Roadshows, Tours, and TechNights: A Promising Practice in Including Students with Hearing Impairments in Outreach Activities
Carnegie Mellon's Women@SCS is an organization committed to encouraging, supporting, and mentoring others while increasing the visibility and impact of women and minorities in the Computer Sciences. Women@SCS sponsor outreach projects such as:
- Roadshows—interactive presentations by undergraduate and graduate students in the School of Computer Science. Presenters share why and how they began studying computer science, their current experiences, what computer science means to them now, and their future hopes and expectations. Presentations for middle and high school students include a guessing game, a slide show of computer science applications, algorithm style puzzles, and a robot demo.
- Tours—site visits to Carnegie Mellon’s Entertainment Technology Center and Robotics Labs.
- Creative Technology Nights, known as TechNights—a series of workshops which use computer animation, web design, programming, robotics, and interactive medias to engage future generations of women in technology.

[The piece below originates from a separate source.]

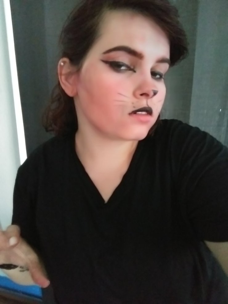 This is the most basic Halloween Makeup ever, but I like it. Everyone loves being a black cat for Halloween. It is so easy to do too. I just did wing eyeliner and also did a wing in the tear tucks. Then I just made a nose and whiskers. I think the part that really helps, is just coloring the top lip black and not the bottom. Also I had a hard time taking off all of the red makeup and there was still a red tent to my face afterwards.

Dr. Carol Frieze, the director of Women@SCS, used funds from an AccessComputing minigrant to expand her program's outreach efforts to include students from the Western Pennsylvania School for the Deaf (WPSD). Funds were used to cover the cost of sign language interpreters, transportation, and program materials for students from WPSD to participate in the activities described above.
Project staff reported that as they worked to combine hearing students with students with hearing impairments they "learned a lot about including hard of hearing children". "It was not as difficult as we had anticipated. Children with hearing difficulties are children first (they happen to have some special needs but these can be worked out)." When students were asked to describe one new thing they learned at TechNights replies included: "I can program a robot to move by computer.", "I didn't know that robots go to the moon, I thought only astronauts.", and "I learned how robots can read or think, like 0101010010101, and how you need to tell it more specific what to do."
Roadshows, Tours and TechNights for Children with Hearing Impairments is a promising practice in including students who are deaf and hard of hearing in computing activities through exposure and skill building opportunities. Success is demonstrated by the fact that the participants chose to attend TechNights again the following year along side their hearing peers.